Every few months someone asks me whether storage auctions work as a side hustle. The honest answer is yes, but with a lot of caveats that the YouTube videos don't mention. This isn't a passive income stream. It's physical work with irregular payoffs, and whether it's worth your time depends on factors that are specific to your situation.
I started buying storage units while working a full-time job. It took me about three months to figure out a rhythm that worked alongside a regular schedule. Here's what I learned about making storage auctions work as a side hustle — the real version, not the highlight reel.

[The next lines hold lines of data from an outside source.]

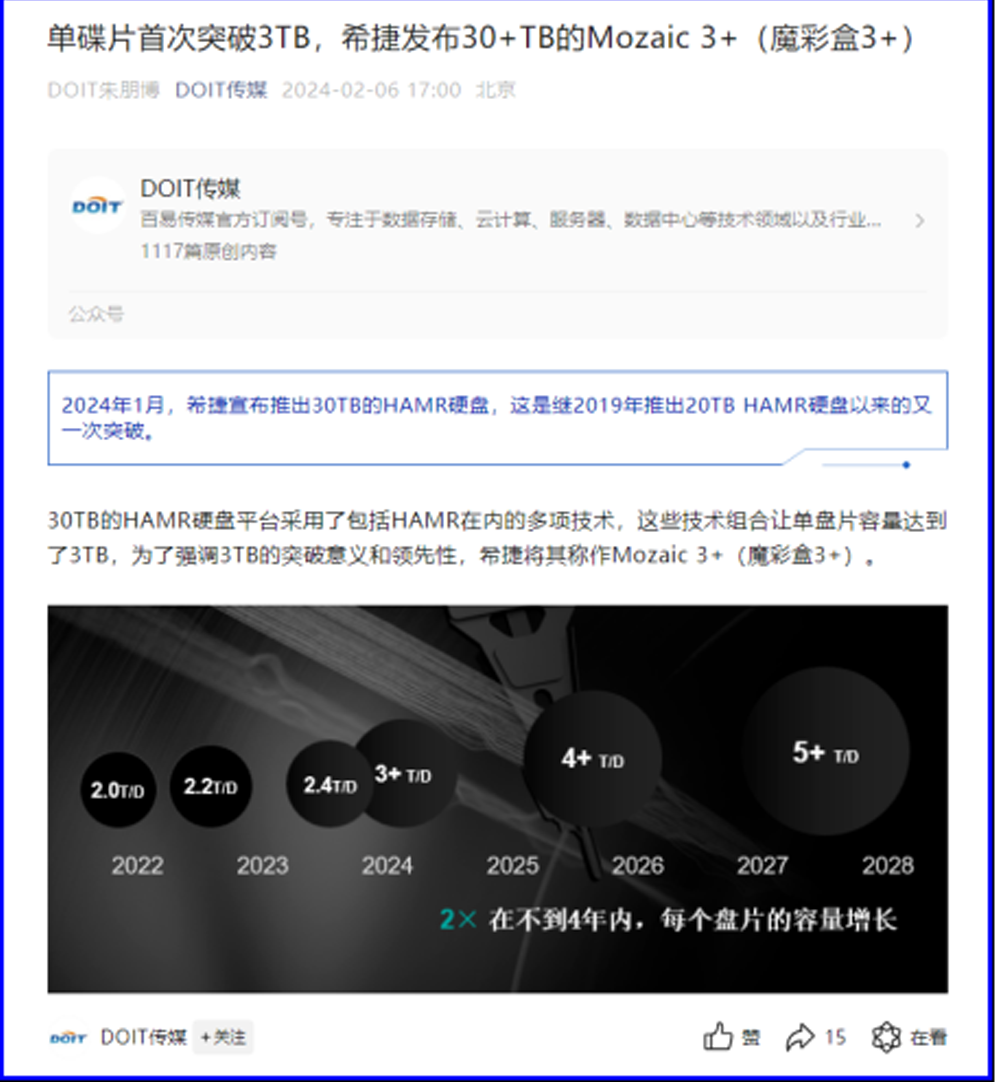 DOIT传媒:魔彩盒3+(Mozaic 3+)不仅带来的单盘大容量,还带来了更高的面密度增速和高容量增速,未来几年大概会以20%的增速快速增长,未来不可限量。
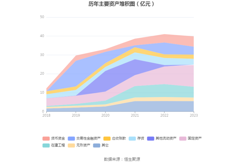 资产重大变化方面,截至2023年年末,公司固定资产较上年末增加23.62%,占公司总资产比重上升6.22个百分点;交易性金融资产较上年末减少32.83%,占公司总资产比重下降4.71个百分点;货币资金较上年末增加22.74%,占公司总资产比重上升2.86个百分点;在建工程较上年末减少16.52%,占公司总资产比重下降2.33个百分点。
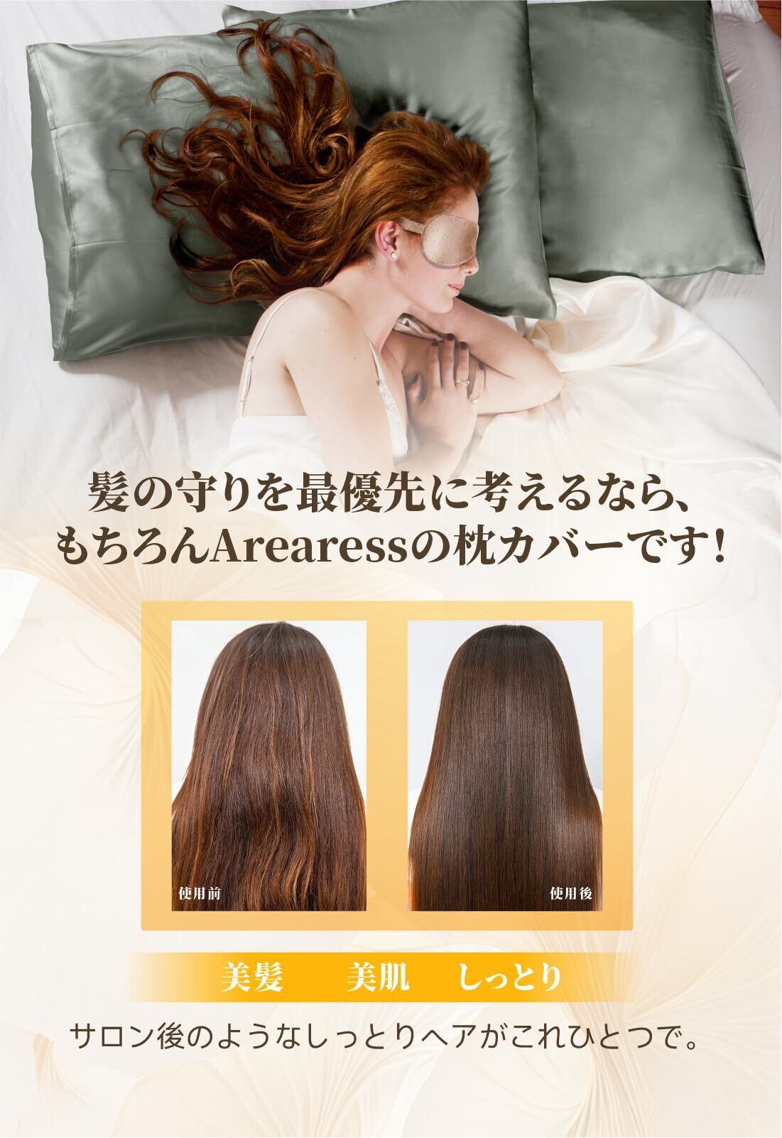まくらカバー・美容&美髪:Arearessの枕カバーは髪に天然のうるおいを与えます。乾燥や刺激から髪をやさしく守れます!そして、優れたの生地は皮膚に最も近い成分で、肌に刺激を与えることがほとんどなく、敏感肌の方にもご安心に利用できる高品質カバーでございます。
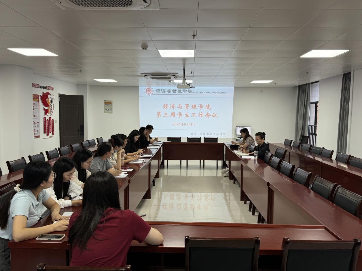 2024年9月18日,永利集团3044欢迎你在行政楼725会议室召开了本学期第三周学生管理工作例会。学院团总支书记员禹辛及全体辅导员参会,会议由院长吴玲主持。
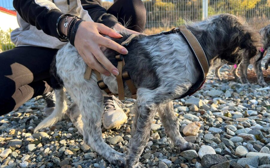 Romi ist eines dieser Hundekinder, die man sieht – und nicht mehr vergisst. Als sie gefunden wurde, war sie mit ihren Schwestern Nougi und Lola in einem schlimmen gesundheitlichen Zustand: viel zu dünn, fast kein Fell, entzündete Haut, geschwächt und vollkommen hilflos. Eine Familie fand die Welpen und brachte sie sofort in Roxanas Praxis – denn ohne Hilfe hätten die drei Mädchen keine Chance gehabt.
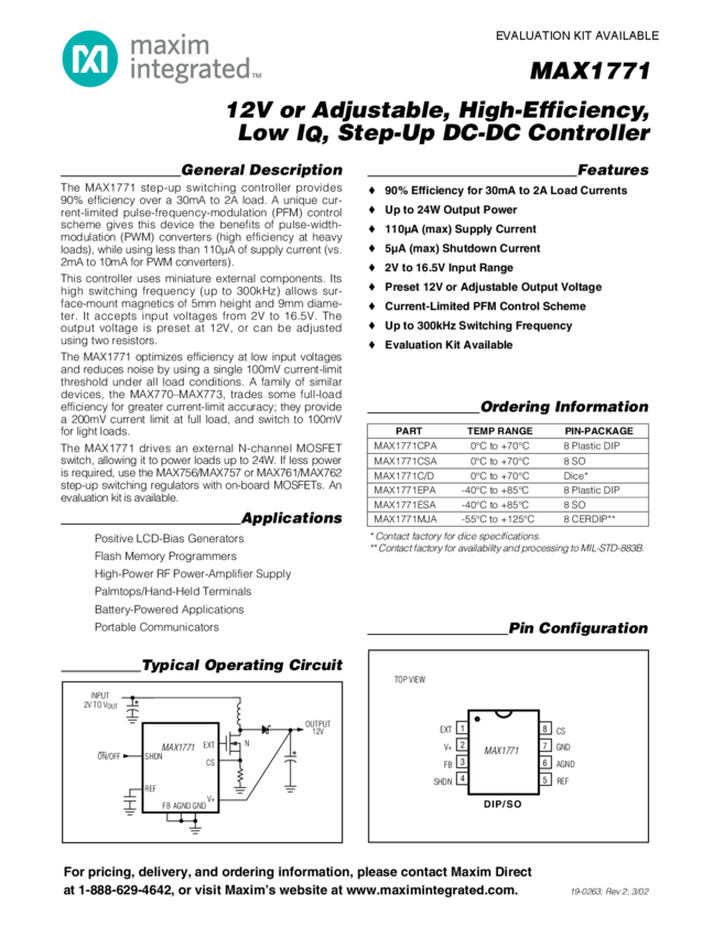 MAX1771 12V or Adjustable, High-Efficiency, Low IQ, Step-Up DC-DC Controller
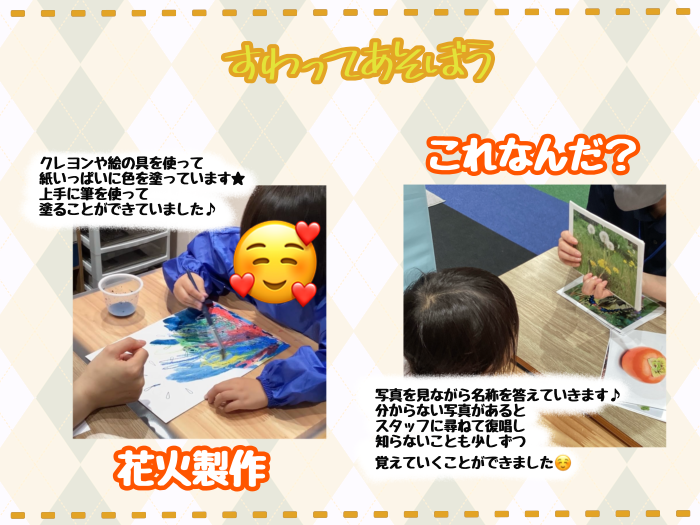 水分補給をしっかり行い、子供たちの体調管理に気を付けながら、今月も楽しく過ごしていきたいと思います!
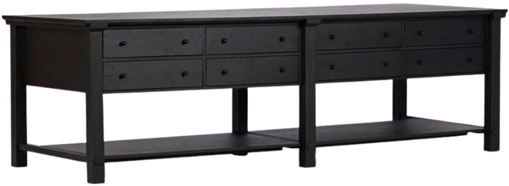 Make room for more prepping, gathering and storing. This large, functional kitchen island features eight wide drawers on one side, a large bottom shelf below and room for stools. Designed with an oak cradle frame that holds the tabletop above with exposed joint details on the shelf and legs below.Read More
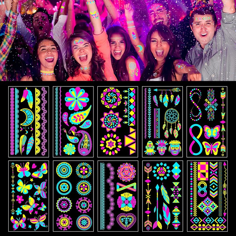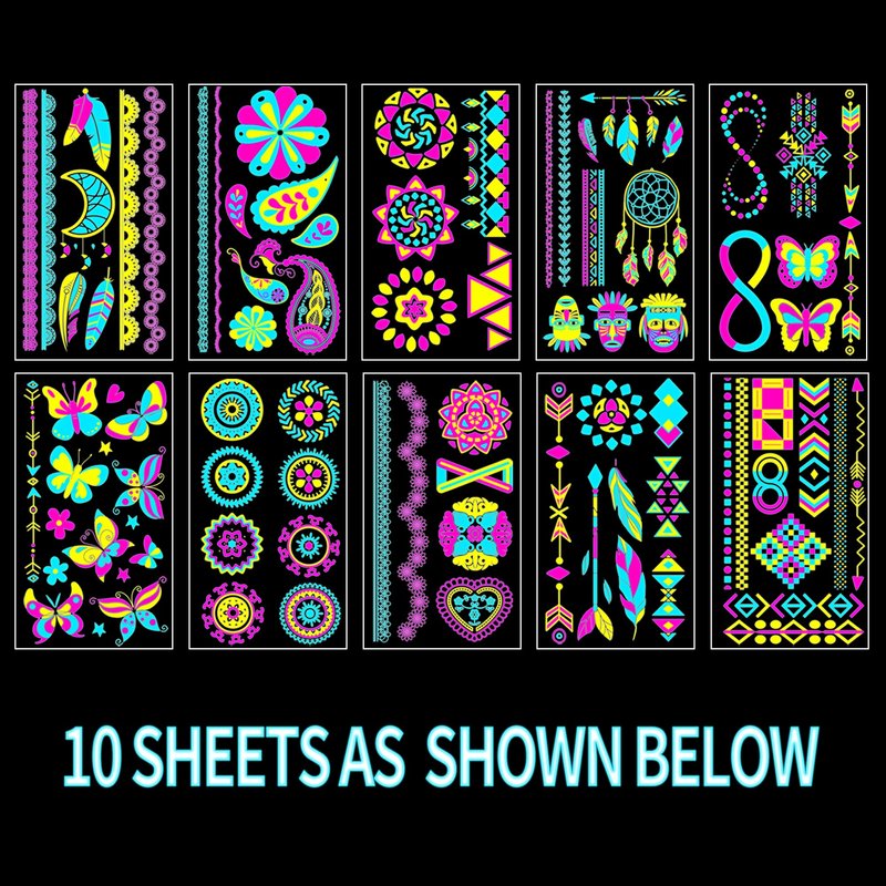 - DURABLE PARTY TEMP TATOO:Include 10 Sheets Large Neon Temporary Tattoo Stickers, Stand Out From The Crowd With a Neon Tattoo! These Vibrant Designs Use Uv-Reactive Ink To Glow Brightly Under Black Light, Making Them Perfect For Parties, Glow Rave, Glow In The Dark Party, Neon Glow In The Dark Festival, Musical Festivals, Black Light Party, Rave Night, & Club Night Outings,Edm ,Edc, Led Party,Concerts, And Other Events.
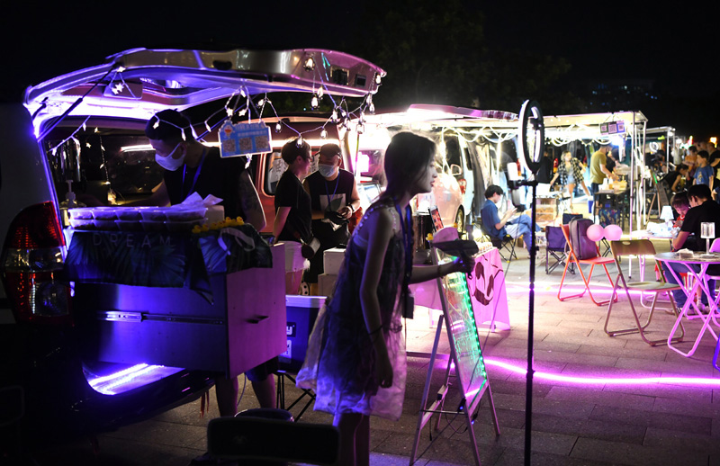7月8日晚,福建省福州市青年会广场,数十辆汽车整齐停放,车主们利用后备箱展销琳琅满目的自制产品。
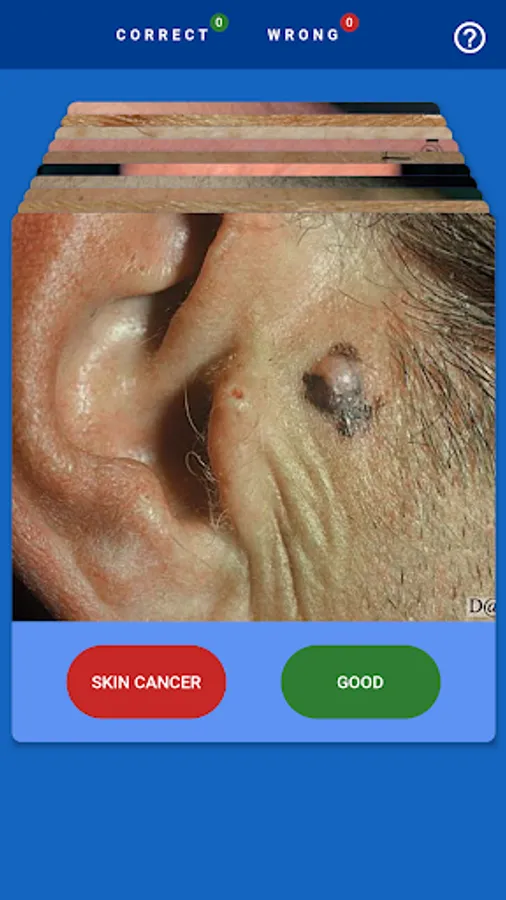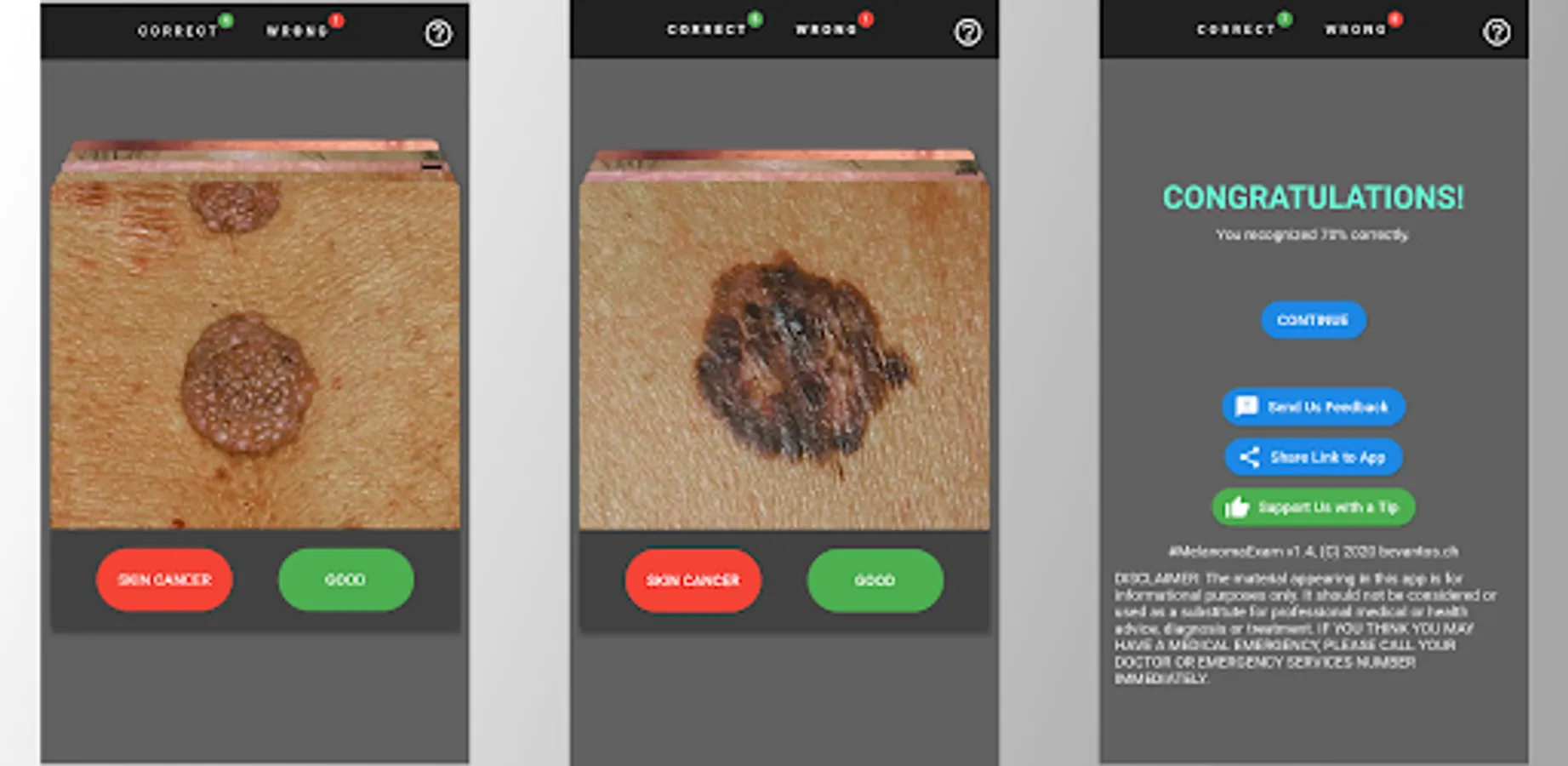 The goal of the #MelanomaExam app is to raise awareness of skin cancer. Just click the button or swipe the card if you think the image shows skin cancer and become sensitized for spotting potential skin cancer in the real world.
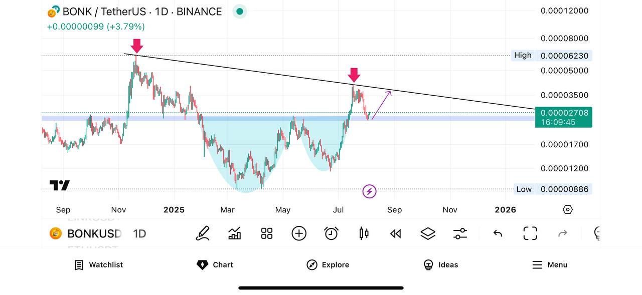 به نظر میرسه BONK اماده حرکت به سمت خط روند نزولی و تست مجدد است درمحدوده برخورد تقریبی 0.000037
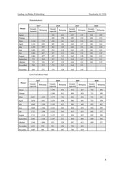 Landtag von Baden-Württemberg Drucksache 16 / 9196 Hohenlohekreis: 2017 2018 2019 2020 Monat Gesamt- Gesamt- Gesamt- Gesamt- Belegung Belegung Belegung Belegung kapazität kapazität kapazität kapazität Januar – – 438 232 169 125 164 109 Februar – – 438 198 169 133 164 112 März 1.344 719 430 181 169 132 162 111 April 1.331 650 405 142 164 137 186 122 Mai 1.291 597 362 129 169 133 186 124 Juni 1.081 525 354 118 164 132 186 121 Juli 1.061 447 187 112 164 125 186 119 August 1.061 427 187 112 164 128 186 112 September 739 364 187 111 164 127 184 111 Oktober 729 336 187 110 164 122 184 119 November 590 313 174 121 164 121 – – Dezember 450 271 174 120 164 119 – – Kreis Schwäbisch Hall: 2017 2018 2019 2020 Monat Gesamt- Belegung Gesamt- Belegung Gesamt- Belegung Gesamt- Belegung kapazität kapazität kapazität kapazität Januar – – 1.390 856 915 467 786 408 Februar – – 1.380 812 889 458 721 399 März 2.027 1.495 1.379 760 886 456 721 385 April 1.678 1.451 1.335 638 886 441 721 379 Mai 1.649 1.384 1.149 625 886 448 692 402 Juni 1.804 1.346 1.123 582 884 454 692 399 Juli 1.721 1.298 1.123 545 815 433 692 377 August 1.715 1.234 1.139 525 804 429 692 380 September 1.683 1.168 1.107 521 804 406 689 366 Oktober 1.544 1.096 853 520 807 413 689 357 November 1.451 994 961 524 786 422 – – Dezember 1.407 901 888 467 786 419 – – 3
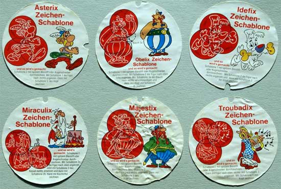 Neben den Nutella Sammelheften befanden sich 1976, 1977 und 1980 im Deckel der Nutella 500-Gramm-Gläser jeweils eine Zeichenschablone, womit sich eine Figur aus der Asterix-Serie zeichnen ließ. Die Schablonen von 1977 und 1980 sind in zwei verschiedenen Größen erschienen, zu 6,8 cm und 5 cm im Durchmesser. Die Serien werden preislich auch unterschiedlich bewertet. 2005 ist zum 40-jährigen Nutella-Jubiläum eine weitere Serie in den 400g und 750g Aktionsgläsern erschienen. In diesen vier Serien waren folgende Schablonen enthalten:
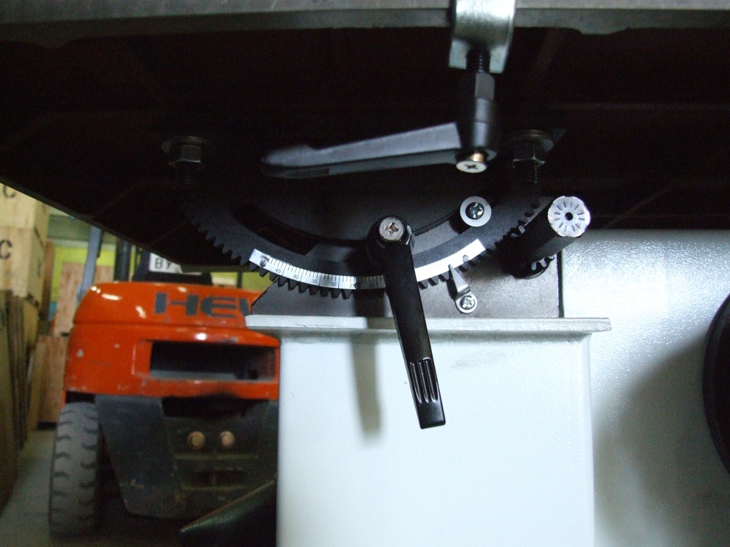 Настройка натяжения пилы – с помощью маховика над столом.

The Actual Time Commitment
This is where most side hustle content gets dishonest. Storage auctions are not a "few hours a week" activity if you're doing it right. Here's the real breakdown of where your time goes:
Browsing and evaluating listings
Plan on 2-4 hours per week scanning listings across StorageTreasures, LockerFox, and StorageAuctions. You'll look at dozens of listings to find 2-3 worth bidding on. This part is flexible — you can do it from your phone during lunch breaks or in the evening. It doesn't require a specific time slot.
Bidding
Online auctions close at specific times. If you're using auto-bid features, this is minimal time. If you're manually bidding in the final minutes (which many buyers do to avoid driving up the price early), you need to be available when the auction closes. Most auctions close during business hours on weekdays, which can conflict with a day job.
Cleanout
This is the big one. When you win a unit, you typically have 24-72 hours to pay and schedule cleanout. The cleanout itself takes 2-6 hours depending on unit size. You need a truck, basic moving equipment, and enough free time in your schedule to empty the entire unit within the facility's deadline.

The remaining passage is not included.